Конечно же, никакой не Егоров. Я ошибся, Фомин, фамилия Фомин, именно она, эта фамилия давала ту редкую возможность и желание сочетать, объединить эти два слова в единую кличку:
ФОМА-ЖИВОТНОВОД. ДА, ДА. Вне сомнения, именно Фомин.
Довольно долго сидел, добрыми чувствами провожая ту прекрасную минуту, подсказавшую так милостиво и просто, что могла навсегда затеряться в тайниках сознания. Там, выше, в черновике – рукописи поправлять не стану,- пусть останется ошибкой, которая так и осталась бы ошибкой, смело и уверенно выдаваемая мною за правду, за суть.
Очевидно, огонь на могиле неизвестного солдата – это единственно возможная мудрая дань наших живых сердец па мяти всех павших ради справедливости, ради продолжения жизни на Земле, ради нас, живущих ныне.
В общем, мы должны были спешить, но уходить сейчас просто так, оказывается, уже было поздно. Во всяком случае, так решило теперь наше двойное начальство: туман поднялся, и все как на ладони, дать две внушительные, насыщенные автоматные очереди с четким перерывом между ними – просто так, не по кому, с единственной лишь целью – заронить в сознание тех, за полотном, что мы будем и впредь резвиться. Давать знать о себе, и что у нас полно патронов, и всего чего хочешь, и поэтому мы, не задумываясь, тратим все налево и направо, лишь бы к нам не лезли, как когда-то по этому поводу сказывал наш светлейший князь Александр Невский. И после второй очереди, когда они уже привыкнут и будут ждать следующей демонстрации нашей мощи и бдительности, мы и намажем лыжи.
– Конечно, все это замечательно, однако мне-то сдается, мы только привлечем внимание к себе и, наоборот, поразбудим тех, кто все еще дремлет там пока,- не преминул высказаться я, на что мне ответили, что лошадь не Пушкин пристрелил и что все они давно попросыпались и теперь только и ждут, чтоб побыстрей в дома, в тепло.

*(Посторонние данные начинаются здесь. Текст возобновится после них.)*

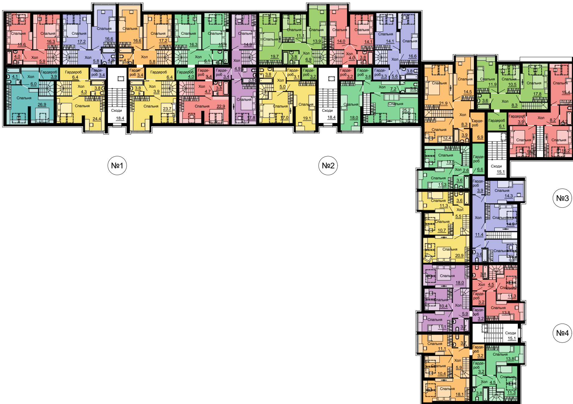
План мансардного поверху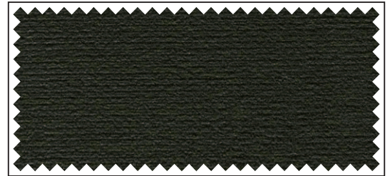
dunkelgrau / gris foncé / dark grey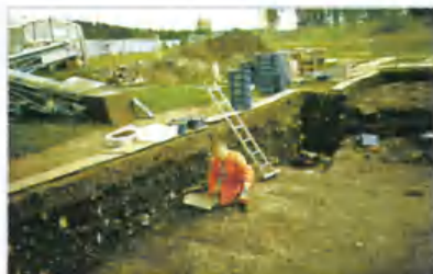
На раскопках в Бирке, 1991 г.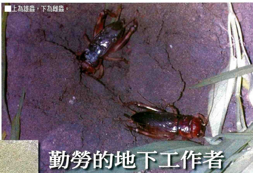
■上為雄蟲，下為雌蟲。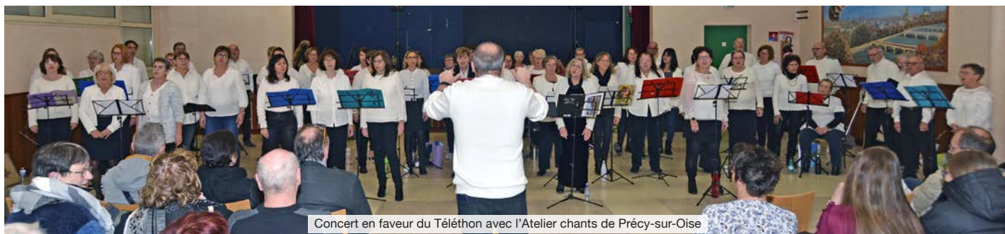
Concert en faveur du Téléthon avec l'Atelier chants de Précý-sur-Oise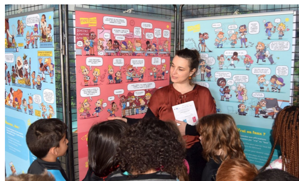
Exposition « Egalité parlons-en ! »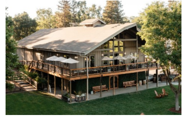
テイスティング・ルーム

FAMILY OWNED & OPERATED SINCE 1968 —1968年から続く家族経営—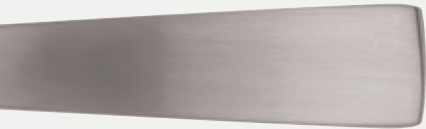
GIO PONTI SATIN

A differenza delle altre finiture, la satina dona un piacevole effetto visivo leggermente opaco pur conservando superfici lisce. Una scelta in armonia sia con il candore di piatti dal design moderno, sia con le variazioni decorative più disparate per una eleganza discreta ma al tempo stesso ricercata.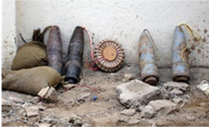
圖二：利用軍用砲彈與地雷組成的應急爆炸裝置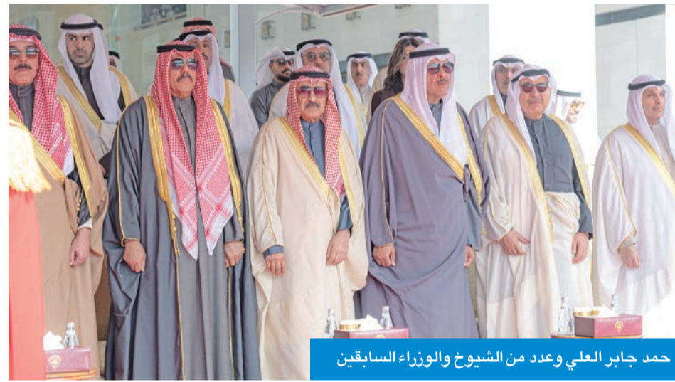
حمد جابر العلي وعدد من الشيوخ والوزراء السابقين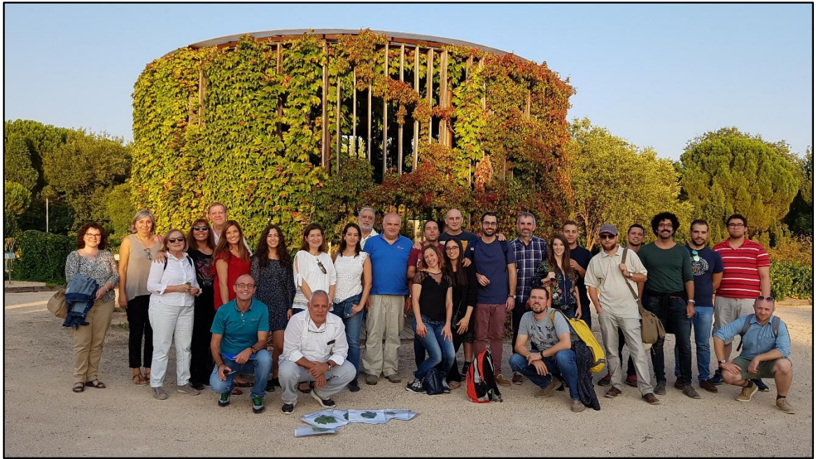
Foto de grupo, con hojas de diferentes tipos de parra recolectadas, en el Encín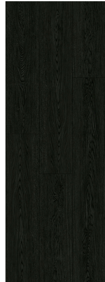
BLACK CLASSIC OAK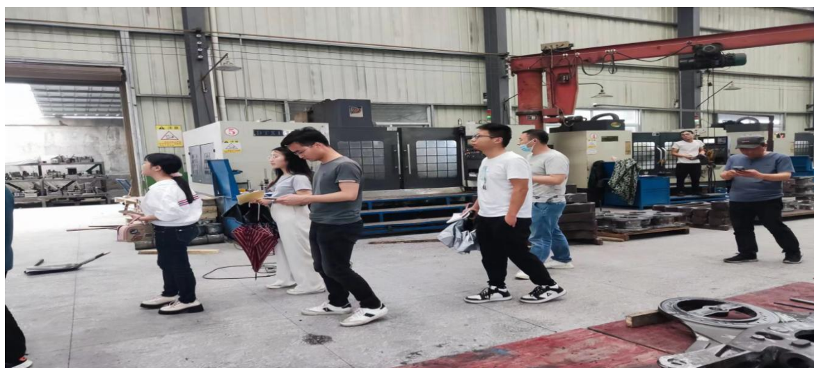
图十：机电、电子专业入企业实践，助力本地传统企业转型

2. 助推区域产业发展与转型升级。 我县产业加速发展和转型升级，对高素质技术技能人才的需求倍增。学校抢抓发展机遇，发挥溆浦职业教育办学条件优、专业技能强、管理模式好等优势，创新发展，打造符合我县实际的楚怡职教品牌，从关键环节加强调研，持续发力，找准专业定位，逐步压缩专业数量，用心办好2—3个专业群，有效化县域产业对高素质技术技能人才的供需矛盾。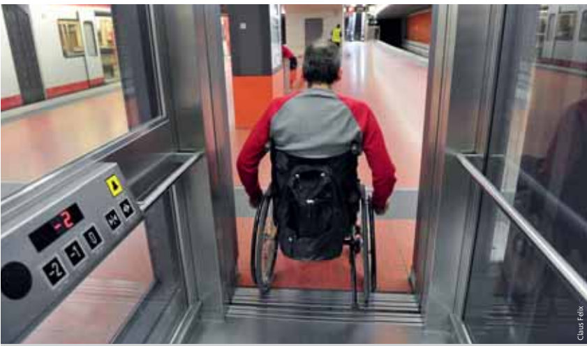
Die VAG steht für barrierearme Mobilität. Ist ein Aufzug defekt, haben Rollstuhlfahrer Anspruch auf ein Taxi.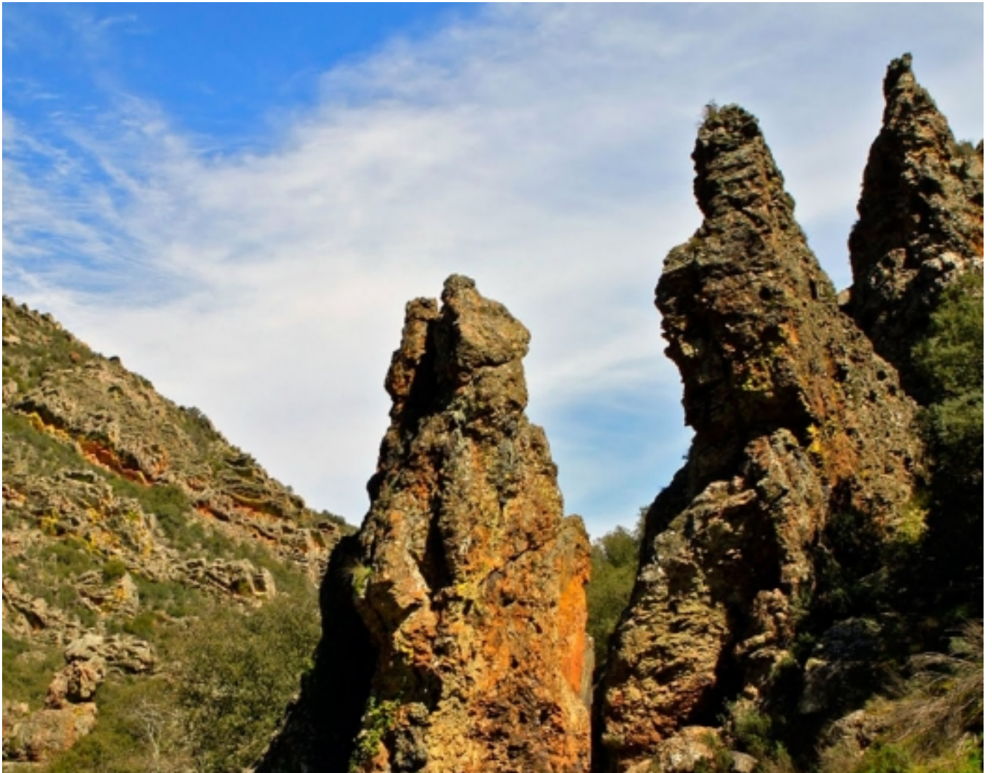
Torres d'Estena.

Les serres d'aquest Parc estan molt erosionades i presenten un aspecte ondulat. L'altitud oscil·la entre els 620 metres al nivell basal, fins els 1.500 metres als cims del Rocigalgo. Ocupa part de les províncies de Ciutat Real i Toledo, i és Zona d'Especial Protecció per les Aus (ZEPA) i Lloc d'Importància Comunitària (LIC).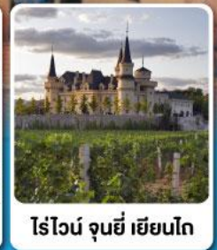
ไร่ไวน์ จุนยี่ เยียนไถ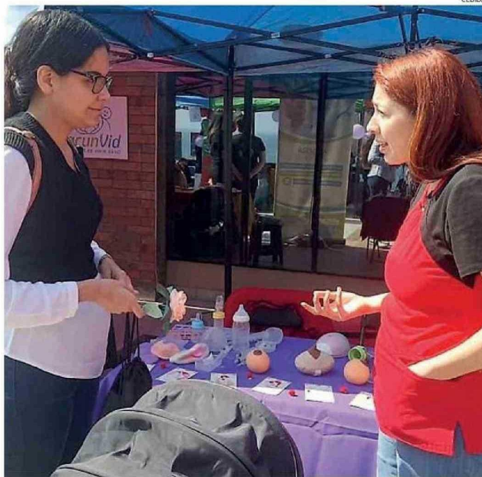
EN LA EXPO EXPLICARON LOS BENEFICIOS DE LA LACTANCIA MATERNA EN MADRES Y NIÑOS.

Cabe señalar que la Semana de la Lactancia Materna implica la materialización de una serie de actividades alusivas a la temática que se desarrollan en las distintas Comunas, organizadas por los Comités locales de Lactancia de cada establecimiento de salud y acompañado a esto se realiza la ya tradicional EXPO Lactancia, instancia en la cual las instituciones pú-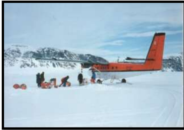
Avión Twin Otter junto a la tripulación en el glaciar de John Sound, en proceso de carga de tambores de combustible.

De todas las experiencias obtenidas por los exploradores, les llamó especialmente la atención las rigurosas condiciones climáticas de la zona: temperaturas bajo cero y vientos intensos permanentes, que superaban los 100 k por hora en dirección norte. Esto les permitió concluir que el vestuario y equipo empleado –que estaba en uso en las unidades de montaña- no era el apropiado; se debería adquirir vestuario y equipo de la mejor calidad que ofrecieran los mercados; y estudiar, con especial acuciosidad, la alimentación, considerando el peso, volumen y valor nutritivo de la dieta.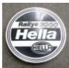
別売りストーンガード

– Там совсем не так тепло, как ты думаешь, я-то вчера там был и знаю.
– Может быть, им как-то дать знать, чтоб они не очень-то и обольщались насчет тепла,- предложил я.
Но все были какие-то злые, нервные и замахали на меня руками, сказав, что именно это им и пытались внушать сегодня ночью, но вот что из всего этого получилось. И вообще я заметил, что даже и сейчас-то со мной редко кто соглашается. Ну, да что там! В общем, мы повели себя так, как решило большинство, и тем, за полотном, думаю, было над чем поломать свои арийские башкенции.
Во всяком случае, после первой очереди они совсем попритихли и таращили, должно быть, глаза в нашу сторону, соображая: "Что это с ними там такое, откуда вдруг такая резвость?" Уж не помню, как мы реагировали на эту тишину, но то, что в нас самих стучало не тише и не меньше, чем в наших автоматах, когда мы начали вторую часть нашего профилактическо-воспитательного мероприятия – это я не забуду, кажется, никогда!
Все ходило ходуном, и, должно быть, лихорадка эта какими-то там биополями передалась автоматам, и все прозвучало мощно, внушительно и серьезно настолько, что даже подумалось: так, может быть, и уходить никуда не надо? Но этот миг бравады был лишь мигом настроения людей, которые знали, что они сейчас будут уходить, уйдут. Приказ есть приказ! Не выполнить его мы не могли.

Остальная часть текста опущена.